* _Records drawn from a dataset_

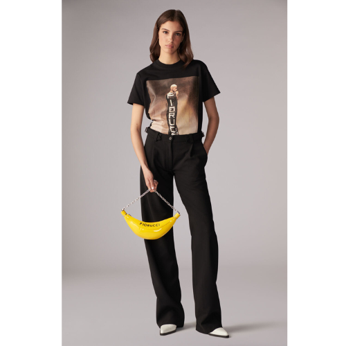 Unisex Tile Graphic T-Shirt in black, featuring the iconic Fiorucci tile dress photograph printed across the front. The luxe graphic tee is a relaxed fit with a classic crewneck, short sleeves, a straight hem, and is crafted from 100% premium organic cotton.
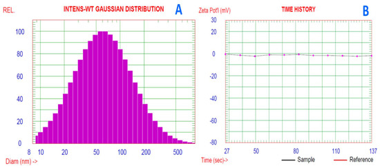Nanoemulsion of ABSEO was prepared by deionized water and a hydrophilic surfactant polysorbate 80 (Tween 80). The prepared nanoemulsion’s droplet size distribution was calculated. The mean droplet size diameter was 86.9 ± 0.846 nm, with 25% of the distribution less than 35.4 nm, 50% < 61.7 nm, 75% < 108.4 nm, 80% < 124.7 nm, while 90% of the distribution was less than 180.3 nm (Figure 2A). The zeta potential average value of the nanoemulsion was −1.84 mV (Figure 2B).
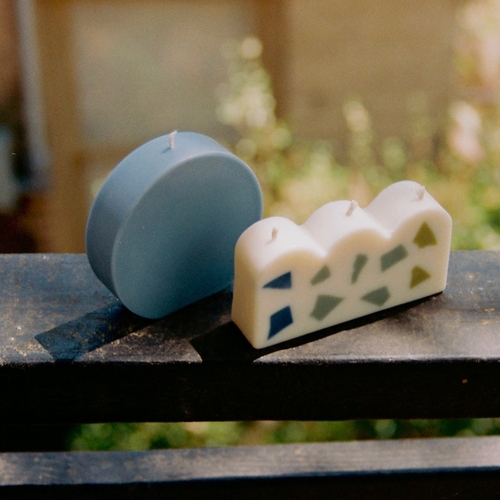 | Unscented vegan soy wax pillar candles made without phthalates. The terrazzo pattern is created by embedding chunks of contrasting wax into a white base. Uniquely handcrafted, these candles will look beautiful as they burn or as long-term decor. Each candle is poured, buffed, washed, and conditioned with care in my studio. Please burn on a heat-resistant surface, preferably with raised edges to catch melted wax. The Scallop shape has three individual wicks. When lit, it’s bright and beautiful. It measures 4” x 2” x 1”. |
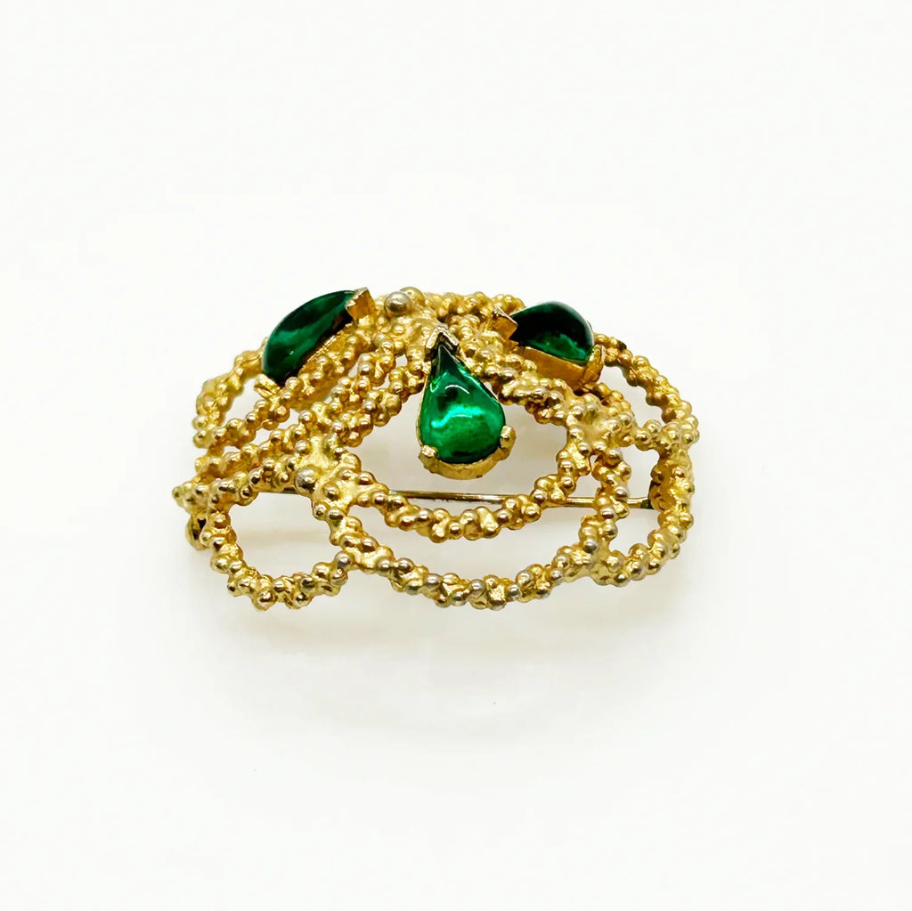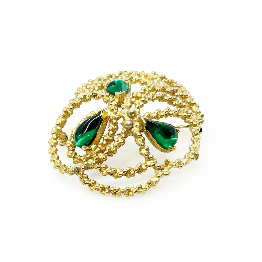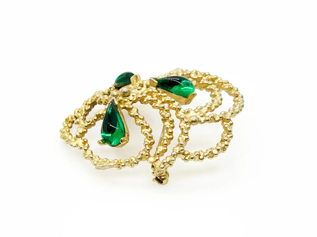 This is an unusual and eye catching vintage Dalshiem brooch. It has textured gold tone metal swirls in an abstract pattern. Teardrop shaped emerald green cabochons add measures additional flair. This brooch measures about 2x2", and as you can see, it is domes and three dimensional. Excellent condition, and signed Dalsheim on the back.
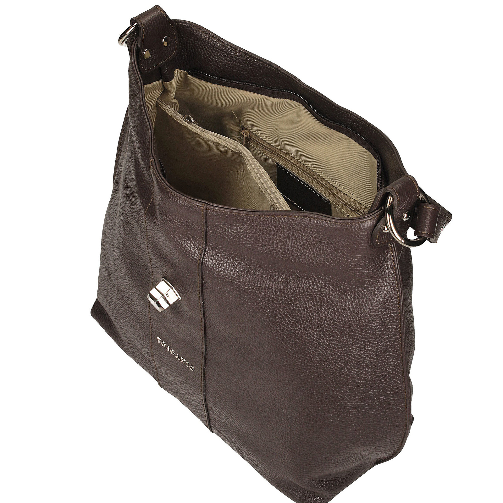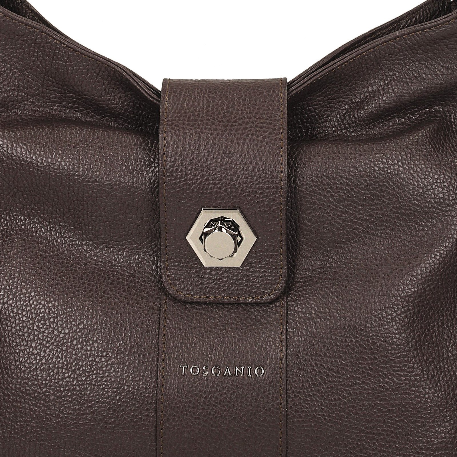 Ciemnobrązowa torebka marki Toscanio to doskonały wybór dla kobiet, które szukają połączenia klasycznego stylu z praktycznym wnętrzem. Wykonana z wysokiej jakości skóry naturalnej, zachwyca trwałością, eleganckim wyglądem i ponadczasowym charakterem.
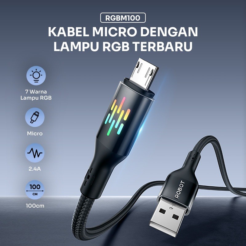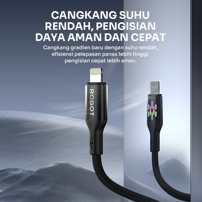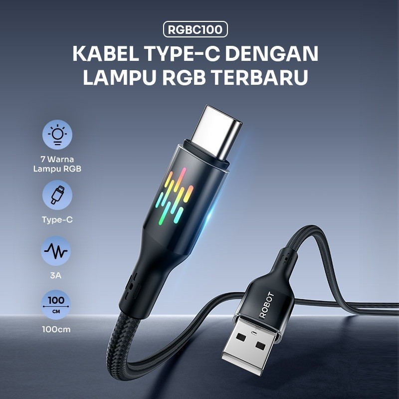ROBOT Kabel Data Fast Charging 65W 100-120cm Dilengkapi RGB Lamp Type C RGBCC120/RGBCL120 Original - Garansi 1 Tahun
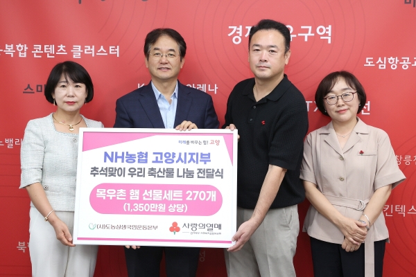 시는 이번 전달식을 통해 기부받은 목우촌 뚝심과 장조림캔 등이 포함된 우리축산물 선물세트 270개를 사회복지공동모금회를 통해 고양시 관내 어려운 가정에 추석 명절 전에 배분해 따뜻한 사랑을 전할 예정이다.
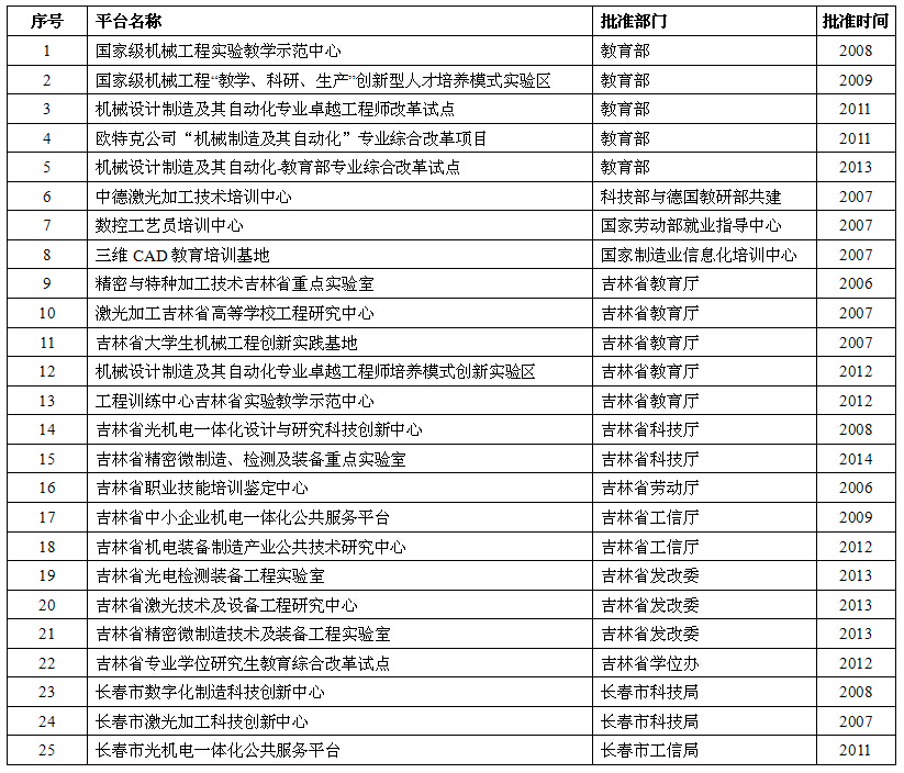 机械工程一级学科2011年被批准为吉林省“十二五”优势特色重点学科,2014年被确定为吉林省高校重中之重立项建设一级学科。
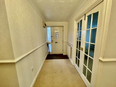 MAIN HALLWAY 14' 0" x 4' 9" (4.28m x 1.46m) Radiator, dado rail, consumer unit, ceiling light, glazed double doors to:
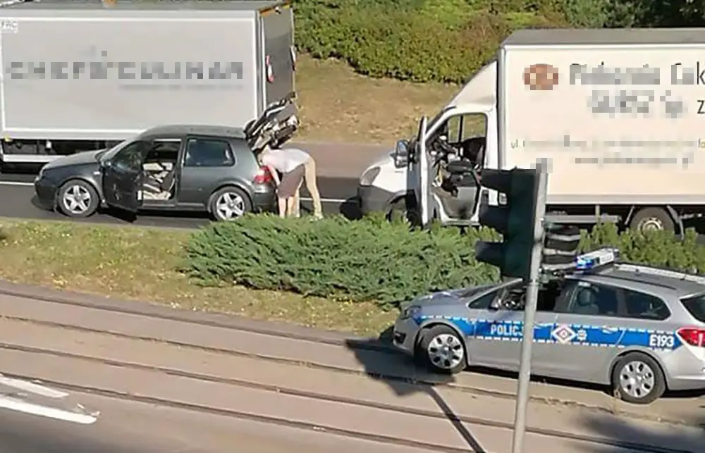 Kierowca volkswagena został ukarany mandatem w wysokości 500 zł. Dostał też 6 punktów karnych. Drugiej kolizji policji nie zgłoszono.
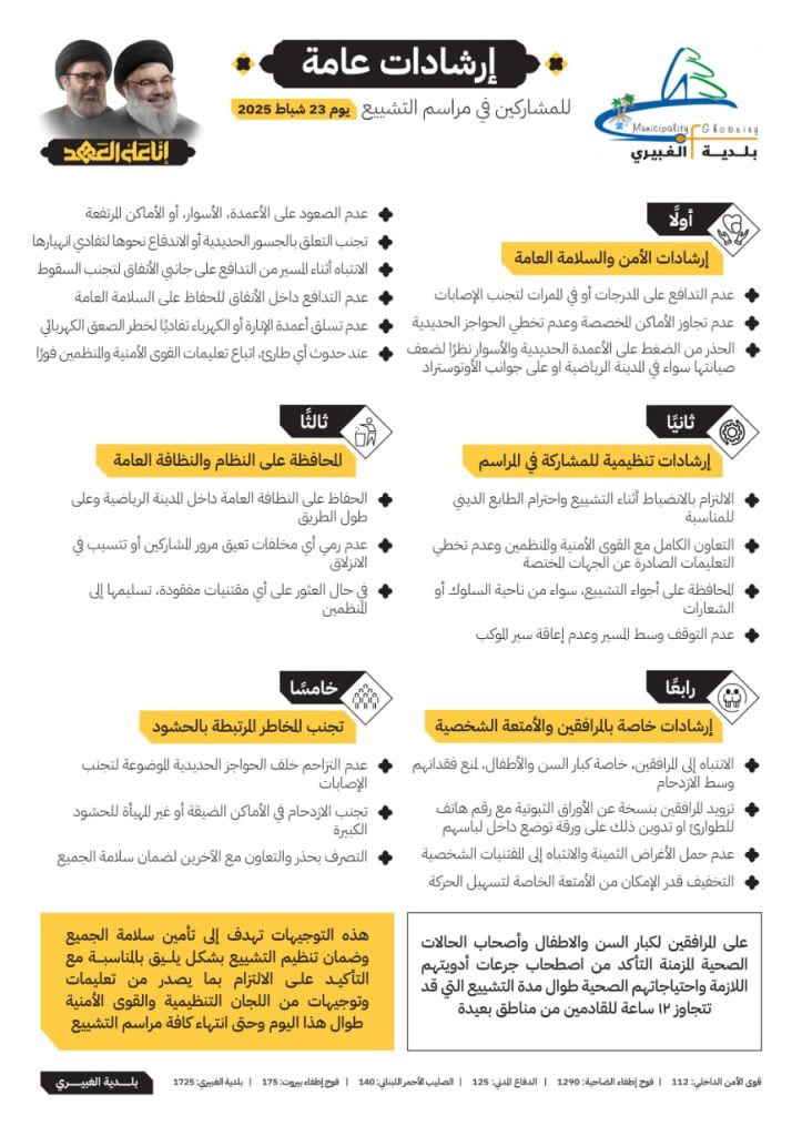 نشرت بلدية الغبيري إرشادات للالتزام بها، حرصاً على سلامة المشاركين في التشييع يوم الأحد.
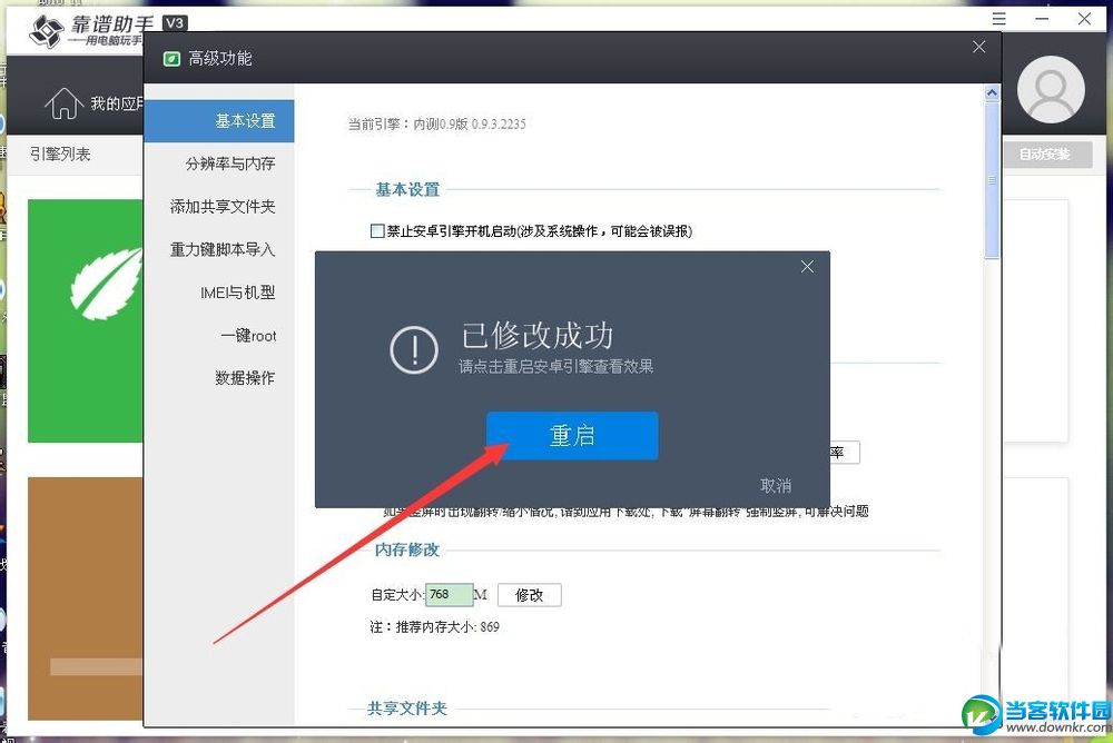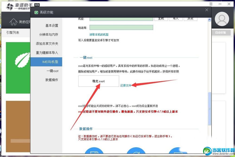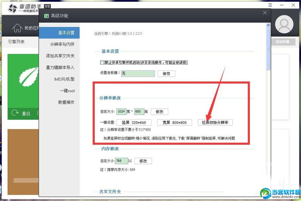 方法/步骤: 1、安装下载靠谱助手,打开靠谱助手,然后点击图上的位置,也就是引擎管理! 2、然后就会出现如下的界面,单击鼠标左键安装引擎就可以安装安卓引擎了!下载需要等一会! 3、下载完成引擎后,点击启动,等一会就可以启动引擎了,注意的是启动引擎需要一会的时间! 4、如果每次启动软件都用一个引擎,可以将这个引擎设为默认,如下图所示的位置,点一下! 5、还有的就是安卓模拟器的字体大小可能显示不正常,可以点击图下的位置进行调节,也就是这个高级设置! 6、然后,根据自己的需要设置好分辨率的大小,系统字体就正常了,如下图所示的位置,填入适当的分辨率! 7、安卓模拟器最重要的就是设置内存了,点图下的位置,进行设置,在图下的位置填入适当的内存,这个根据个人需要,和电脑的情况了! 8、设置完上一步以后,是需要重启的,会弹出如下的界面,点一下重启就可以了!内存就修改好了! 9、最后,有些软件是需要root的,在这里可以设置root,点一下图下的位置,然后如果想还原的话,可以点还原文件,很简单的!如下图! ,更多好玩有趣咨询请点击https://www.downkr.com/ 如果大家还有想了解关于更多关于软件相关的资讯,请关注当客下载站。本站会实时更新最有趣,最好看,最新鲜的资讯。当客下载站,值得你的关注。 |
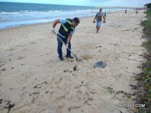 Segundo informações do denunciante que tentou salvar a vida da tartaruga, retirando-a do local, o animal apresentava desorientação e dificuldade para nadar, vindo para beira mar sem conseguir retornar, momento em que acionaram a fiscalização ambiental.

* _Requirement_
The reply should hold every record, unchanged, and no pictures.

* _Written response_
 Unisex Tile Graphic T-Shirt in black, featuring the iconic Fiorucci tile dress photograph printed across the front. The luxe graphic tee is a relaxed fit with a classic crewneck, short sleeves, a straight hem, and is crafted from 100% premium organic cotton.
Nanoemulsion of ABSEO was prepared by deionized water and a hydrophilic surfactant polysorbate 80 (Tween 80). The prepared nanoemulsion’s droplet size distribution was calculated. The mean droplet size diameter was 86.9 ± 0.846 nm, with 25% of the distribution less than 35.4 nm, 50% < 61.7 nm, 75% < 108.4 nm, 80% < 124.7 nm, while 90% of the distribution was less than 180.3 nm (Figure 2A). The zeta potential average value of the nanoemulsion was −1.84 mV (Figure 2B).
 | Unscented vegan soy wax pillar candles made without phthalates. The terrazzo pattern is created by embedding chunks of contrasting wax into a white base. Uniquely handcrafted, these candles will look beautiful as they burn or as long-term decor. Each candle is poured, buffed, washed, and conditioned with care in my studio. Please burn on a heat-resistant surface, preferably with raised edges to catch melted wax. The Scallop shape has three individual wicks. When lit, it’s bright and beautiful. It measures 4” x 2” x 1”. |
 This is an unusual and eye catching vintage Dalshiem brooch. It has textured gold tone metal swirls in an abstract pattern. Teardrop shaped emerald green cabochons add measures additional flair. This brooch measures about 2x2", and as you can see, it is domes and three dimensional. Excellent condition, and signed Dalsheim on the back.
 Ciemnobrązowa torebka marki Toscanio to doskonały wybór dla kobiet, które szukają połączenia klasycznego stylu z praktycznym wnętrzem. Wykonana z wysokiej jakości skóry naturalnej, zachwyca trwałością, eleganckim wyglądem i ponadczasowym charakterem.
ROBOT Kabel Data Fast Charging 65W 100-120cm Dilengkapi RGB Lamp Type C RGBCC120/RGBCL120 Original - Garansi 1 Tahun
 시는 이번 전달식을 통해 기부받은 목우촌 뚝심과 장조림캔 등이 포함된 우리축산물 선물세트 270개를 사회복지공동모금회를 통해 고양시 관내 어려운 가정에 추석 명절 전에 배분해 따뜻한 사랑을 전할 예정이다.
 机械工程一级学科2011年被批准为吉林省“十二五”优势特色重点学科,2014年被确定为吉林省高校重中之重立项建设一级学科。
 MAIN HALLWAY 14' 0" x 4' 9" (4.28m x 1.46m) Radiator, dado rail, consumer unit, ceiling light, glazed double doors to:
 Kierowca volkswagena został ukarany mandatem w wysokości 500 zł. Dostał też 6 punktów karnych. Drugiej kolizji policji nie zgłoszono.
 نشرت بلدية الغبيري إرشادات للالتزام بها، حرصاً على سلامة المشاركين في التشييع يوم الأحد.
 方法/步骤: 1、安装下载靠谱助手,打开靠谱助手,然后点击图上的位置,也就是引擎管理! 2、然后就会出现如下的界面,单击鼠标左键安装引擎就可以安装安卓引擎了!下载需要等一会! 3、下载完成引擎后,点击启动,等一会就可以启动引擎了,注意的是启动引擎需要一会的时间! 4、如果每次启动软件都用一个引擎,可以将这个引擎设为默认,如下图所示的位置,点一下! 5、还有的就是安卓模拟器的字体大小可能显示不正常,可以点击图下的位置进行调节,也就是这个高级设置! 6、然后,根据自己的需要设置好分辨率的大小,系统字体就正常了,如下图所示的位置,填入适当的分辨率! 7、安卓模拟器最重要的就是设置内存了,点图下的位置,进行设置,在图下的位置填入适当的内存,这个根据个人需要,和电脑的情况了! 8、设置完上一步以后,是需要重启的,会弹出如下的界面,点一下重启就可以了!内存就修改好了! 9、最后,有些软件是需要root的,在这里可以设置root,点一下图下的位置,然后如果想还原的话,可以点还原文件,很简单的!如下图! ,更多好玩有趣咨询请点击https://www.downkr.com/ 如果大家还有想了解关于更多关于软件相关的资讯,请关注当客下载站。本站会实时更新最有趣,最好看,最新鲜的资讯。当客下载站,值得你的关注。 |
 Segundo informações do denunciante que tentou salvar a vida da tartaruga, retirando-a do local, o animal apresentava desorientação e dificuldade para nadar, vindo para beira mar sem conseguir retornar, momento em que acionaram a fiscalização ambiental.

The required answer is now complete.